Source records:
────────────────────
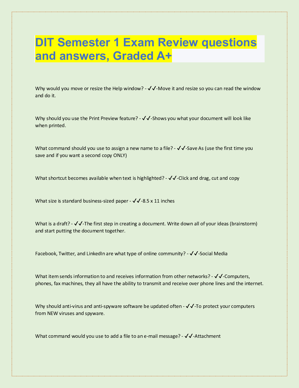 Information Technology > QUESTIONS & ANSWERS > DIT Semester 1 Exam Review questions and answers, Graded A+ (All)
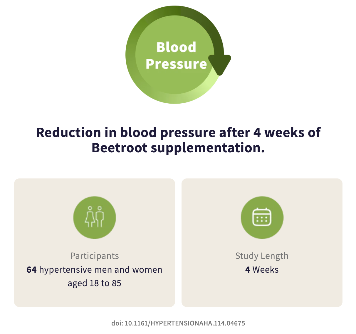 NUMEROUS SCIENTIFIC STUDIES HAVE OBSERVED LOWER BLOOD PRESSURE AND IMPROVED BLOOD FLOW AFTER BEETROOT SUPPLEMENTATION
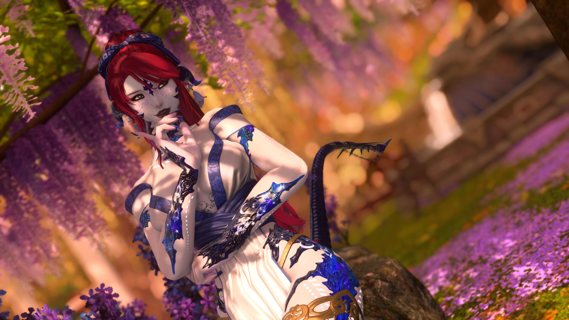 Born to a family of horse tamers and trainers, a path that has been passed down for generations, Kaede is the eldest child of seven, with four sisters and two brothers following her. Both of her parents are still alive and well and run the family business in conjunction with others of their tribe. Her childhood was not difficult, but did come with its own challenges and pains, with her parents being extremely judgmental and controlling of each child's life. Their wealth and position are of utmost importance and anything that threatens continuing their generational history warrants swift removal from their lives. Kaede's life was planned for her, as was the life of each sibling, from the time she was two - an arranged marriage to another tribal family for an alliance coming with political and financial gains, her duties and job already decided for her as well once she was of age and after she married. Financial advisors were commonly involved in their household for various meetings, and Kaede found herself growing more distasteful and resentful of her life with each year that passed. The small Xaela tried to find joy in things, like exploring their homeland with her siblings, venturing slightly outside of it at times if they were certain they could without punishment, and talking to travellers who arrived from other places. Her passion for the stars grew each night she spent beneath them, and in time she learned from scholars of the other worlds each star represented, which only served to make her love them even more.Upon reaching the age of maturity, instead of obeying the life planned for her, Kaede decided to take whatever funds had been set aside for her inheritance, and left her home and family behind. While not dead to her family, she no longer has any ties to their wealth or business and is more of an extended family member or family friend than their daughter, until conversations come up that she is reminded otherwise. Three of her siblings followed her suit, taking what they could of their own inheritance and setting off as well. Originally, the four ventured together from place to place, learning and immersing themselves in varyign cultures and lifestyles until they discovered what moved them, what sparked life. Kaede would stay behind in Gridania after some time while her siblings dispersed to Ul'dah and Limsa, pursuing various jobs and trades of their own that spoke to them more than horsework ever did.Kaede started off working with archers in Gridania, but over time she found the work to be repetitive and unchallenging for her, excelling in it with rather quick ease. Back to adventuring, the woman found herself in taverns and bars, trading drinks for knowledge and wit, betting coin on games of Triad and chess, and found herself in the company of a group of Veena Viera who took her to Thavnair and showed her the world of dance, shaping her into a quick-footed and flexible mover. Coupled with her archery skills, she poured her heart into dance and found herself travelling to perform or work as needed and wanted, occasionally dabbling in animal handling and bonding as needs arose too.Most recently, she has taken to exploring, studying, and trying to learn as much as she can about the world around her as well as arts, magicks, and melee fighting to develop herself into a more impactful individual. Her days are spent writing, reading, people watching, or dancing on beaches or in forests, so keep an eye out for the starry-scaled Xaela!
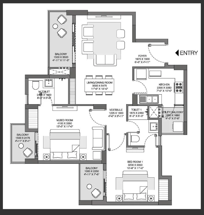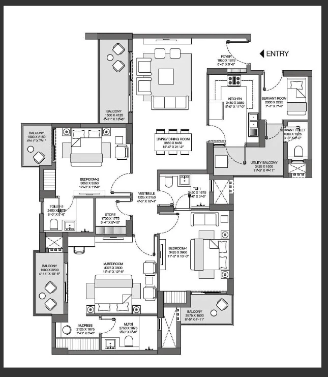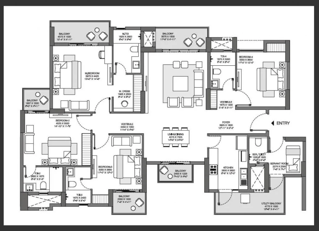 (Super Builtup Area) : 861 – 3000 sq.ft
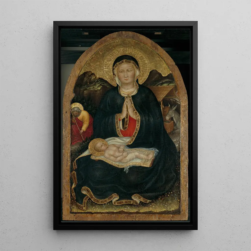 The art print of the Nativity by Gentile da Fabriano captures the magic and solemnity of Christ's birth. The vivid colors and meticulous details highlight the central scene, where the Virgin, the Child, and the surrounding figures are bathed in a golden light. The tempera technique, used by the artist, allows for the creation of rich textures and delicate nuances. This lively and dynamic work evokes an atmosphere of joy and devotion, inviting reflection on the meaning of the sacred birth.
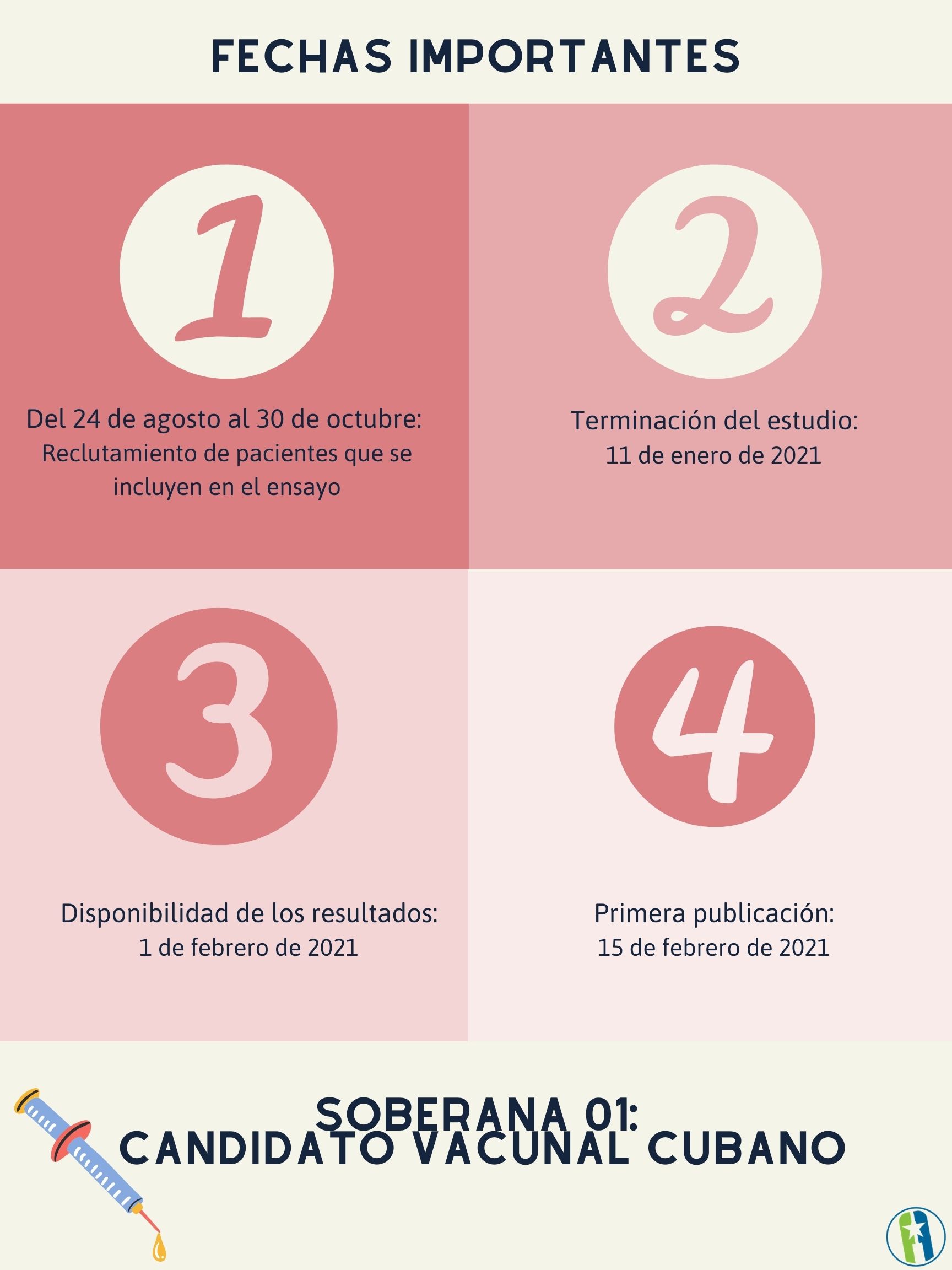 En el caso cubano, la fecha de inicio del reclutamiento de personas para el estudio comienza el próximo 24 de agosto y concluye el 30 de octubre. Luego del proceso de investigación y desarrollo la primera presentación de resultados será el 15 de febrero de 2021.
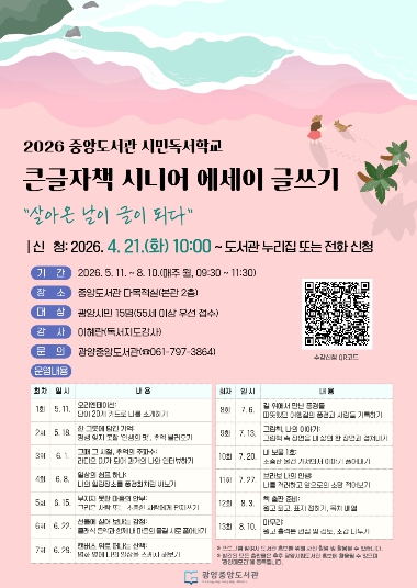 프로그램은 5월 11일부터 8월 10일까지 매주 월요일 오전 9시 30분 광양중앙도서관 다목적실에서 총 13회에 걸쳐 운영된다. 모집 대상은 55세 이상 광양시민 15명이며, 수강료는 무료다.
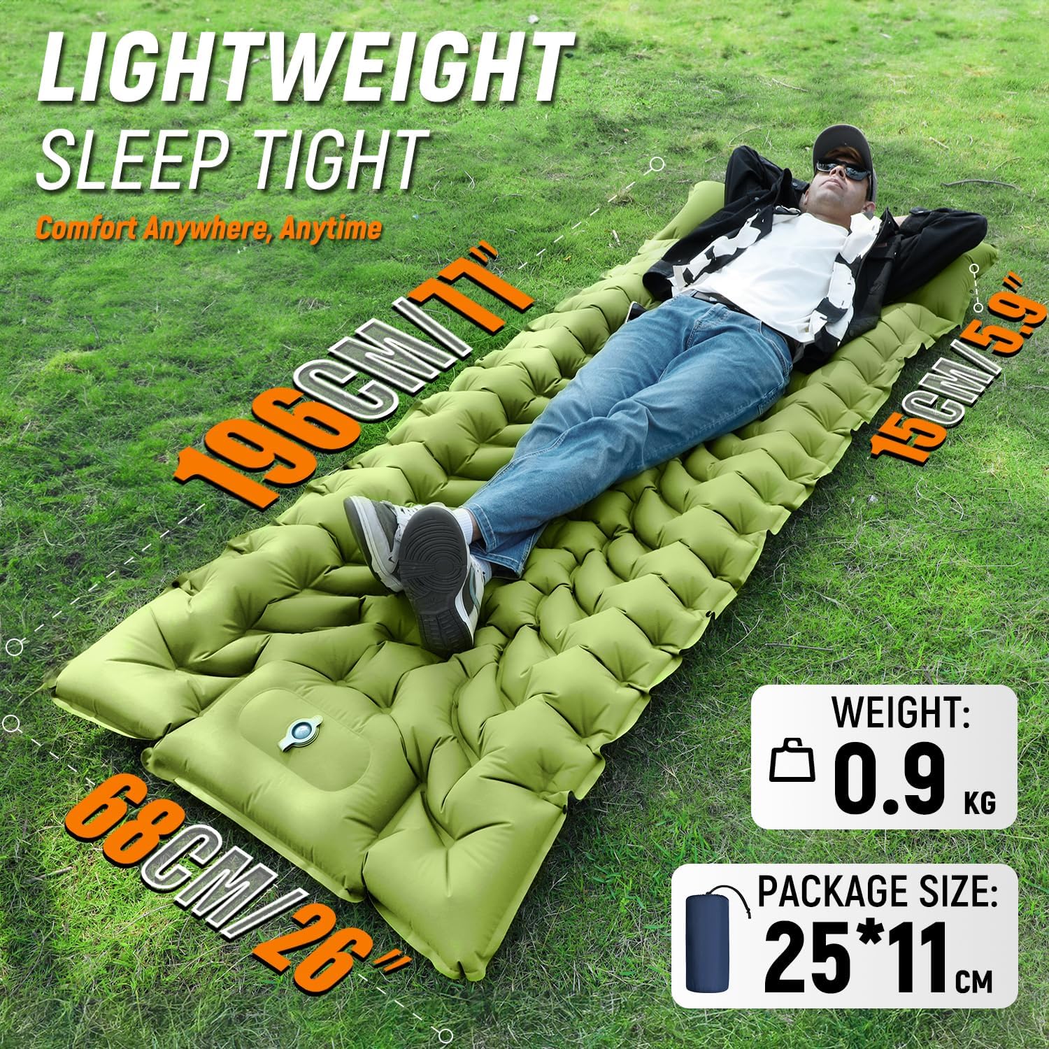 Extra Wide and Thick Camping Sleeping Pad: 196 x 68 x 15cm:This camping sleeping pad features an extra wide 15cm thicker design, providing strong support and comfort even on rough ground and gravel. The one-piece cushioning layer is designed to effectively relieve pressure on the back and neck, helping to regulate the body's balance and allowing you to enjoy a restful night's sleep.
────────────────────
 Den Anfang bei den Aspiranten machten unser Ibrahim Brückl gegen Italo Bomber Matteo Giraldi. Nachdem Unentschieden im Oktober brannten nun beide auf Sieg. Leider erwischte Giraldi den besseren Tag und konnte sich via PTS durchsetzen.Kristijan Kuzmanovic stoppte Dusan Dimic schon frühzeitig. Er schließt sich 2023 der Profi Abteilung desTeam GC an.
────────────────────
What the task asks: Find where the line with "Information Technology >" sits in the material above and where the line with "NUMEROUS SCIENTIFIC STUDIES" sits. Set down exactly the lines from the first to the second, both included and nothing else, without pictures.

Result of this exercise:
 Information Technology > QUESTIONS & ANSWERS > DIT Semester 1 Exam Review questions and answers, Graded A+ (All)
 NUMEROUS SCIENTIFIC STUDIES HAVE OBSERVED LOWER BLOOD PRESSURE AND IMPROVED BLOOD FLOW AFTER BEETROOT SUPPLEMENTATION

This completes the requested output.